A few weeks back a discussion came up at the GEF mailing list in conjunction with GEF4 who thought API adopting the JFace API to setup graph viewers but that brought up a 3rd problem – JFace Viewer does not completely hide the SWT API and because GEF4 is designed to be widget toolkit agnostic then JFace Viewer API.

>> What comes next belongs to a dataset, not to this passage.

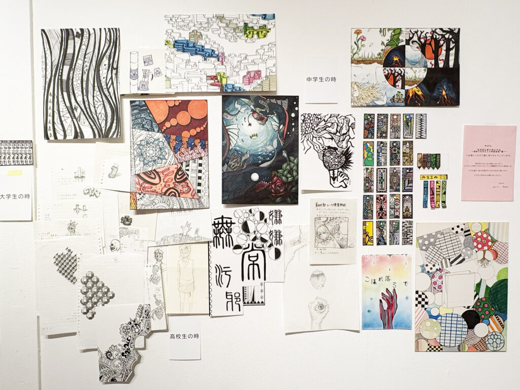展示スペースに入り、中学生の頃に描かれた作品、高校生の頃に描かれた作品、大学生の頃に描かれた作品、現在描かれている作品と、時系列に沿って作品が並びます。

So the requirements for a revised JFace API is:
- Use generics to provide type safety
- Make use of SAM types
- Do not depend of any toolkit technology
Today I had to make a break from my day work and thought about how an Viewer 2.0 would look like and this what I came up with:
Viewer.java
/**
* Base interface of all viewers
*
* @param <O>
* the domain object representing a row
* @param <I>
* the input to the viewer
* @param <C>
* the content provider responsible to translate the input into the
* internal structure
*/
public interface Viewer<O, I, C extends ContentProvider<O, I>> {
public void setContentProvider(
@NonNull Supplier<@NonNull C> contentProvider);
public void setInput(@NonNull Supplier<@NonNull I> input);
}
You notice that the content-provider and input are not set directly but through suppliers, the reason for that is the input most of the time is not created next to viewer but through a method call into the business layer and for the content provider one often uses a factory to reuse content provider implementations.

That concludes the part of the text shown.